## Work required
When you transcribe the data below, reproduce every line exactly and leave each picture out.
━━━━━ Data block ━━━━━
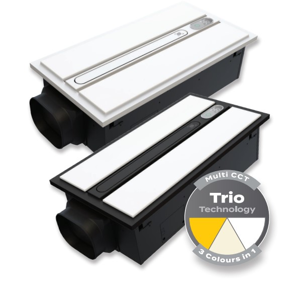 The AIRSWAY 6-In-1 Premium Bathroom Heater offers a unique oscillating sway design, as well as the latest technology in PTC bathroom heater models. Premium range offers 6-In-1 Functions – Heater, Exhaust Fan, Circulating Fan, Dry Heat, Sway and Light Unit. Patented Heat Breeze Technology heats the room while offering low level extraction to help reduce condensation build up in the bathroom. This premium line model features a single AC Motor, producing a 2150W output of powerful heat breeze, high volume extraction at 500m3/h, circulating fan to reduce warm temperature build up, and a 25W LED Tri-Colour switchable light.
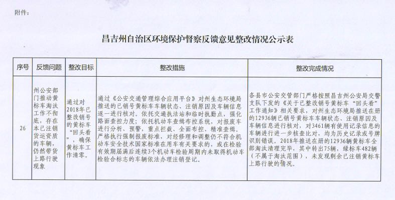 根据《昌吉州贯彻落实生态环境保护督察反馈问题整改验收销号工作办法(试行)》(昌州环督察[2022]3号)的相关规定,秉持“整改一个、验收一个、公开一个、销号一个、备案一个”的原则,昌吉州公安局已完成自治区序号问题二十六项整改任务,公示具体内容请见附件。
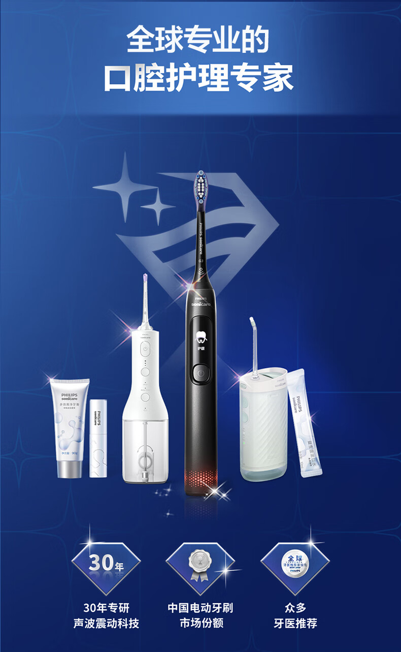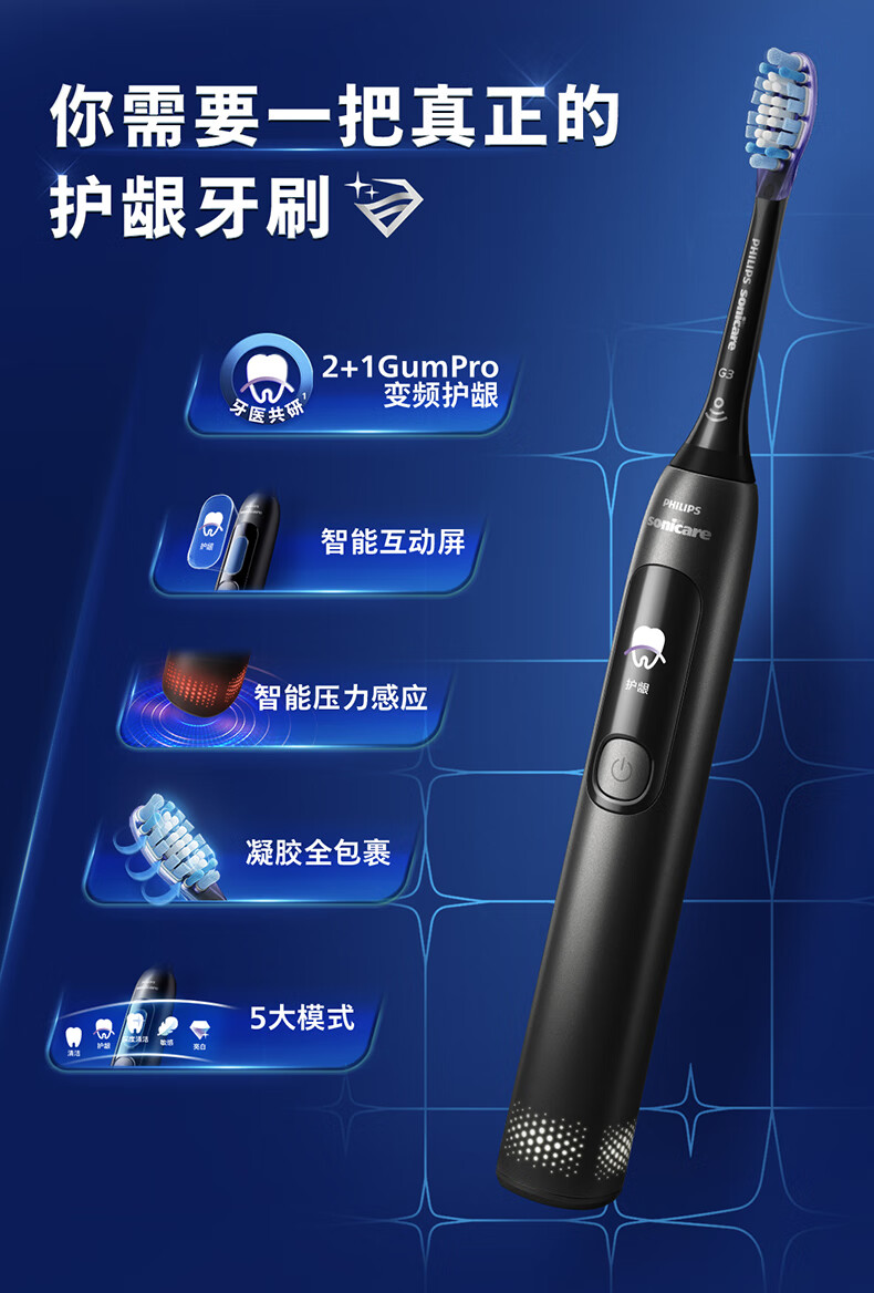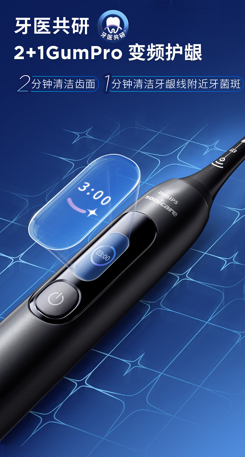 【飞利浦】变频护龈电动牙刷钻石7系 智能显示屏 极夜黑HX3792/01
━━━━━
## The answer
 The AIRSWAY 6-In-1 Premium Bathroom Heater offers a unique oscillating sway design, as well as the latest technology in PTC bathroom heater models. Premium range offers 6-In-1 Functions – Heater, Exhaust Fan, Circulating Fan, Dry Heat, Sway and Light Unit. Patented Heat Breeze Technology heats the room while offering low level extraction to help reduce condensation build up in the bathroom. This premium line model features a single AC Motor, producing a 2150W output of powerful heat breeze, high volume extraction at 500m3/h, circulating fan to reduce warm temperature build up, and a 25W LED Tri-Colour switchable light.
 根据《昌吉州贯彻落实生态环境保护督察反馈问题整改验收销号工作办法(试行)》(昌州环督察[2022]3号)的相关规定,秉持“整改一个、验收一个、公开一个、销号一个、备案一个”的原则,昌吉州公安局已完成自治区序号问题二十六项整改任务,公示具体内容请见附件。
 【飞利浦】变频护龈电动牙刷钻石7系 智能显示屏 极夜黑HX3792/01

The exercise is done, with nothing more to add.